Often, the insurance company will send a notice to the insured notifying him or her that the policy will be cancelled if the premium is not paid. If this notice letter is not written correctly, then the insurance company may inadvertently extend the grace period beyond the 30 days required by Georgia law. If that happens, then the insurance company must pay the claim.
What happens to a business owned by the deceased?
It is dependent upon how the business is set up.
If the business is a sole proprietorship (never incorporated), then the business cannot exist apart from its owner. The assets of the business will all be considered a part of the deceased’s estate. The business will typically stop doing business when the deceased passes away.

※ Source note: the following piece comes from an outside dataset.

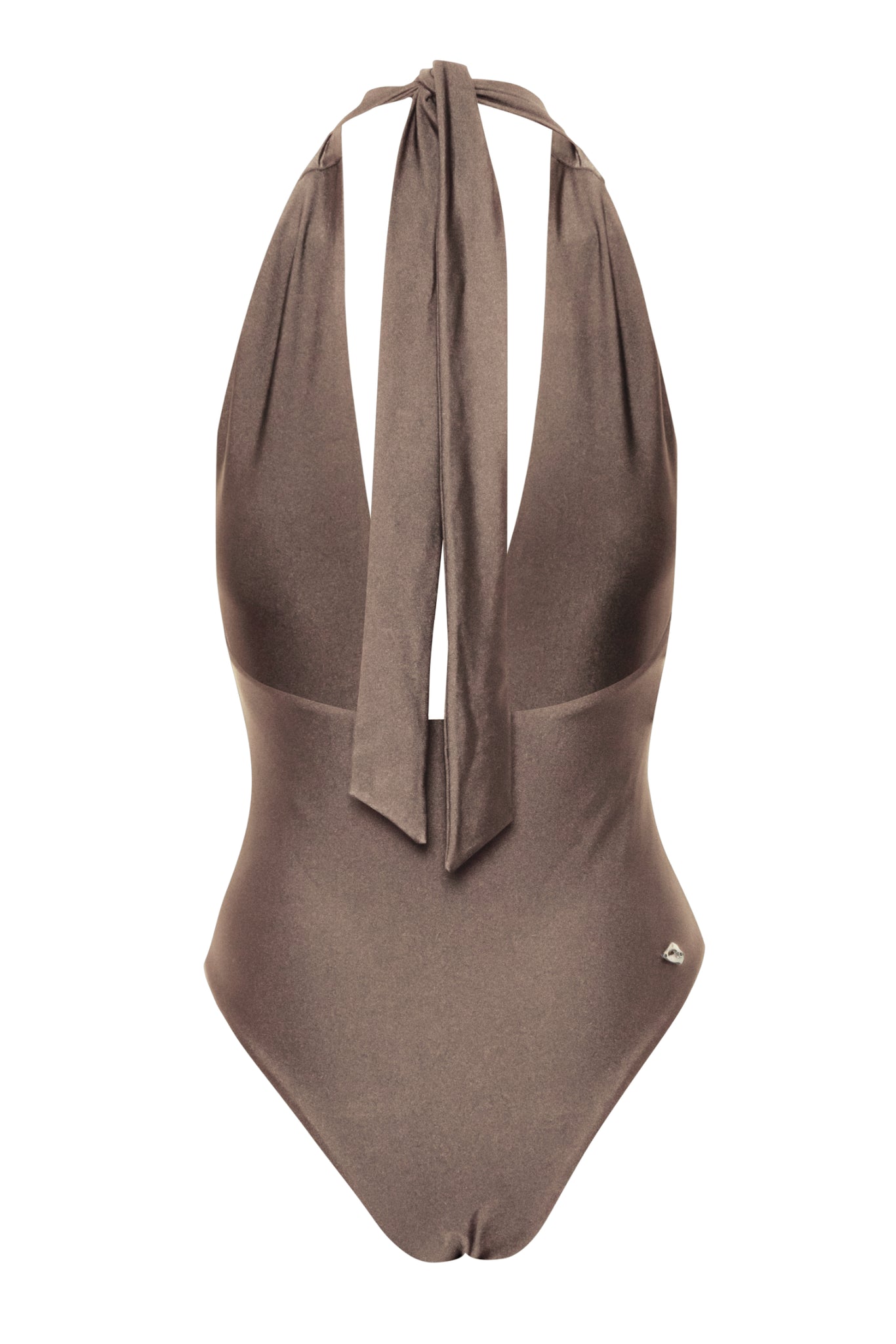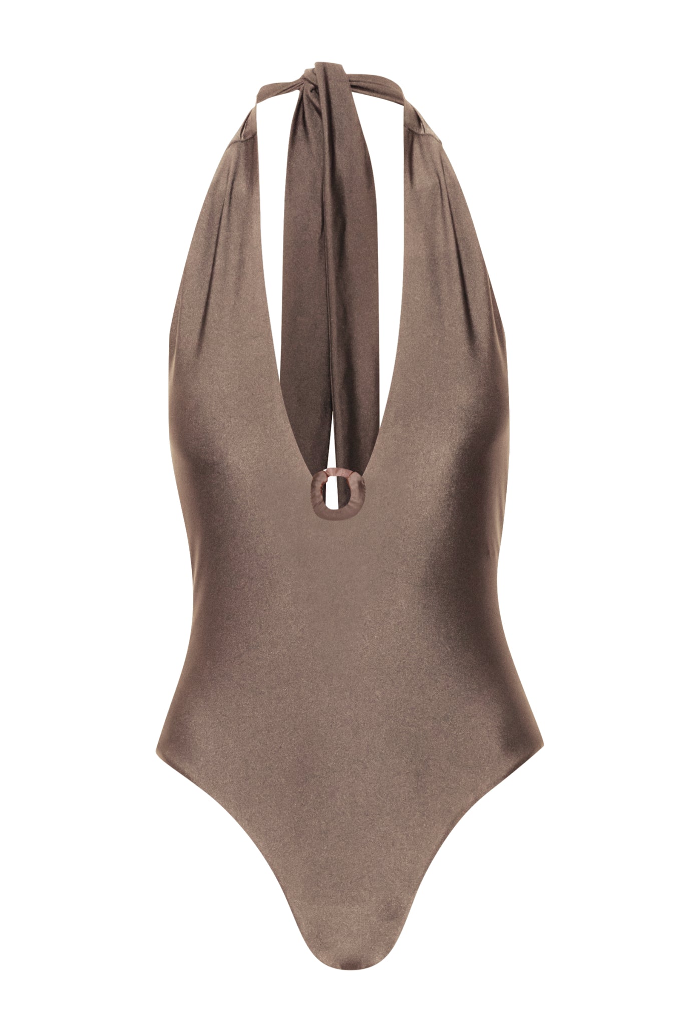 Introducing the “Chivi One Piece” in Terra – a halter neckline design with an open back and self-tie straps. Features a ring detail, side boning for support, an unpadded construction, and medium coverage. Finished with a fully lined construction.
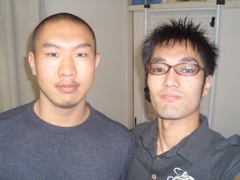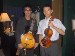 今日は、ヴァイオリンの洋介君と初デュエットライブでした。 たくさんお客さんが来てくれて、楽しく演奏できました。 このデュオは、これからもいろいろなところでやって行くので みなさん是非,聴きに来て下さい♪ 初めて大森のライブ食堂KITAROでやったのですが、マスターもママさんもとても暖かい人たちでした、あとご飯がおいしい!バイキングスタイルなのでたくさん食べられます!来月もやらせて頂くことになりました! 写真は左から僕と洋介君。 2006.8.4[Fri]

If the business is a corporation or LLC, then it will continue in existence even though an owner died. Meaning that a trusted employee or family member may be selected to continue to run the business while the estate is still pending.
Ultimately, the business will be transferred to a family member or employee or sold. These types of estates are usually complicated. You should speak with a probate law firm for help.
What if there is a trust?
A trust is a vehicle that is sometimes used in estate planning to avoid probate, or to withhold property from a person until he or she meets a certain condition or reaches a certain age.
If the trust was created during the deceased’s life, then it is refered to as a living trust. A living trust is usually created to avoid probate or to take advantage of favorable tax laws. If all of the property owned by the deceased is owned by the living trust, then probate can be avoided. The property held by the trust will be distributed to the trust beneficiaries according to the instructions in the trust’s governing document.
If the trust is found in the deceased’s will, then it may or may not be used. Frequently, the trusts found in a will are called contingent trusts, meaning that the trust only comes into existence if a certain condition is met. Most often these types of trusts are used to make sure that a minor child does not receive property from an estate until he or she reaches a certain age.
These are the two most basic uses for a trust. If your loved one’s estate involves a trust, we recommend that you speak with a probate law firm.